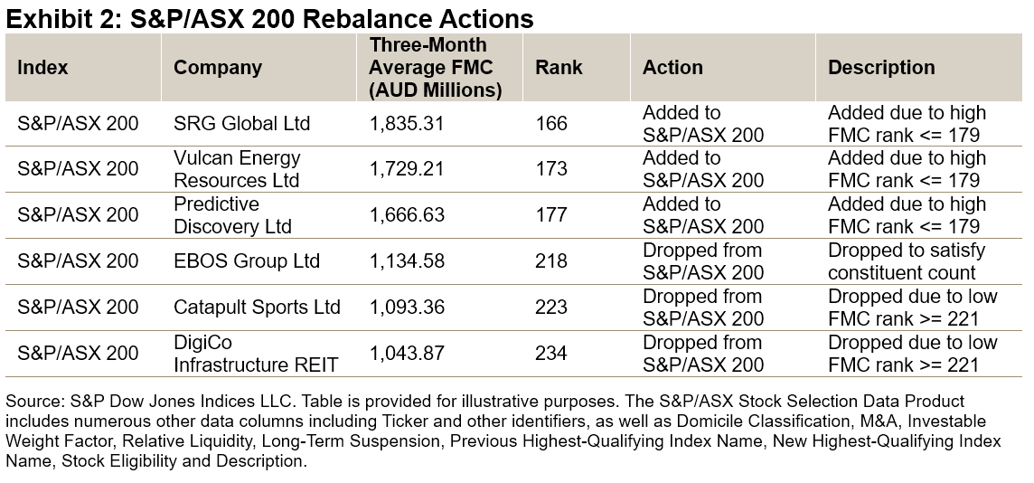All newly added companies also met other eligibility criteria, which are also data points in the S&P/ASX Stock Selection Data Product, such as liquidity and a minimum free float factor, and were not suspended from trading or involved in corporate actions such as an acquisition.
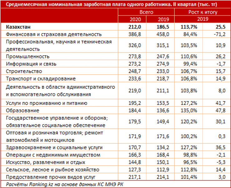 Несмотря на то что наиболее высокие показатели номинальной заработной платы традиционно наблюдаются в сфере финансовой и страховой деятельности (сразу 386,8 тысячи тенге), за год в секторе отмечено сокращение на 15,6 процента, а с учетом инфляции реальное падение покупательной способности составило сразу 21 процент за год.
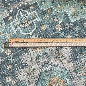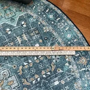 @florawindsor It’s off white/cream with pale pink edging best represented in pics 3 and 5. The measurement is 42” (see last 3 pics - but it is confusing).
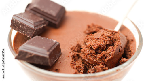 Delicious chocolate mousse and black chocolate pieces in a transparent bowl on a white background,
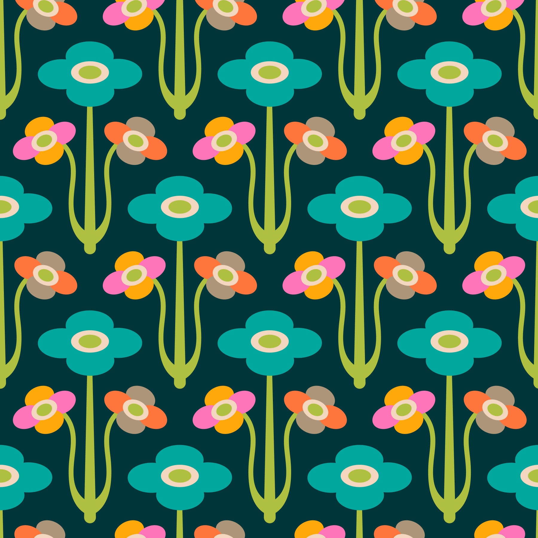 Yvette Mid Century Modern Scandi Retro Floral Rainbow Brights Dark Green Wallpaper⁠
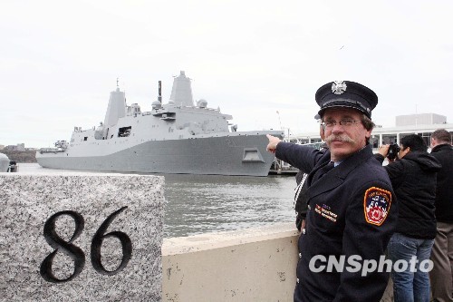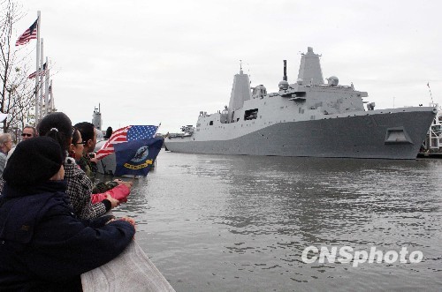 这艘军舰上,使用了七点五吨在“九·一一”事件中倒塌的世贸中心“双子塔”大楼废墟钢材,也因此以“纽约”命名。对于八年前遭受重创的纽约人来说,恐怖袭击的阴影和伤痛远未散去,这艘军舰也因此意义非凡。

● Problem to solve
Although the entries contain pictures, copy everything else in them exactly.

● Expected output
All newly added companies also met other eligibility criteria, which are also data points in the S&P/ASX Stock Selection Data Product, such as liquidity and a minimum free float factor, and were not suspended from trading or involved in corporate actions such as an acquisition.
 Несмотря на то что наиболее высокие показатели номинальной заработной платы традиционно наблюдаются в сфере финансовой и страховой деятельности (сразу 386,8 тысячи тенге), за год в секторе отмечено сокращение на 15,6 процента, а с учетом инфляции реальное падение покупательной способности составило сразу 21 процент за год.
 @florawindsor It’s off white/cream with pale pink edging best represented in pics 3 and 5. The measurement is 42” (see last 3 pics - but it is confusing).
 Delicious chocolate mousse and black chocolate pieces in a transparent bowl on a white background,
 Yvette Mid Century Modern Scandi Retro Floral Rainbow Brights Dark Green Wallpaper⁠
 这艘军舰上,使用了七点五吨在“九·一一”事件中倒塌的世贸中心“双子塔”大楼废墟钢材,也因此以“纽约”命名。对于八年前遭受重创的纽约人来说,恐怖袭击的阴影和伤痛远未散去,这艘军舰也因此意义非凡。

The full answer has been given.